Prints all n-bit strings that do not contain the pattern 010

Dear all,

I have a little programming problem of discrete mathematics.

Question: Write a program that prints all n-bit strings that do not contain the pattern 010.

Someone helps me?

Re: Prints all n-bit strings that do not contain the pattern

I assume you meant a function that examines the string as a whole and tells if your string contained 010 or not?

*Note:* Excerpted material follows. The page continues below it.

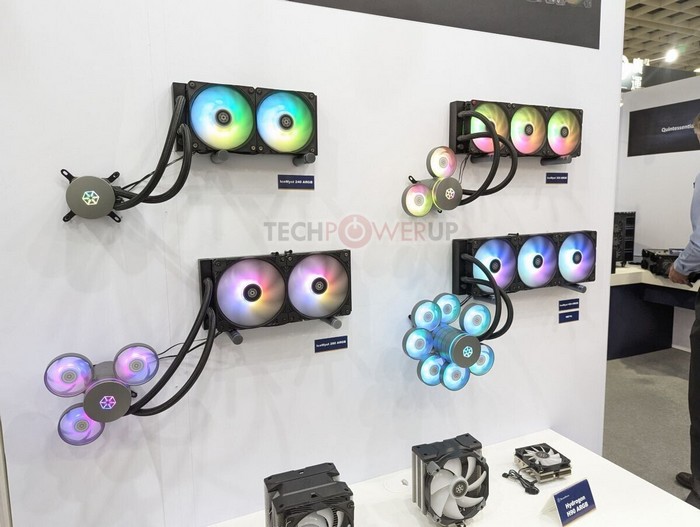 在 Computex 大会上,银欣展示了一个有意思的水冷散热器,叫IceMyst,水冷头可以像乐高一样堆积风扇模块。

Define a function with input a string and a boolean output (True if 010 is found, False otherwise)
Define boolean variables A,B := False, False
foreach char in string:
if ~A & ~B & char = '0': B := ~B (pattern '0' found, state goes from 00 to 01)
elseif ~A & B & char = '1': A := ~A, B :=~B (pattern '01' found, goes state from 01 to 10)
elseif A & ~B & char = '0': return True (pattern '010' Found, return True)
elseif A & ~B & char = 1: A := ~A (pattern '011' found, return to initial state 00)
endfor
return False


Some conditions are omitted as they don't change the state,
When state is 00 and it finds a '1', there's no transition here! Similarly, when in state 01 and find a '0', it stays at 01 as if the new zero is the first in the pattern 010 to be expected!
Also the state don't have to be two boolean variables, it can be anything as long as it can have three unique state (an integer from 0 to 2, a character taking a,b,c, .....)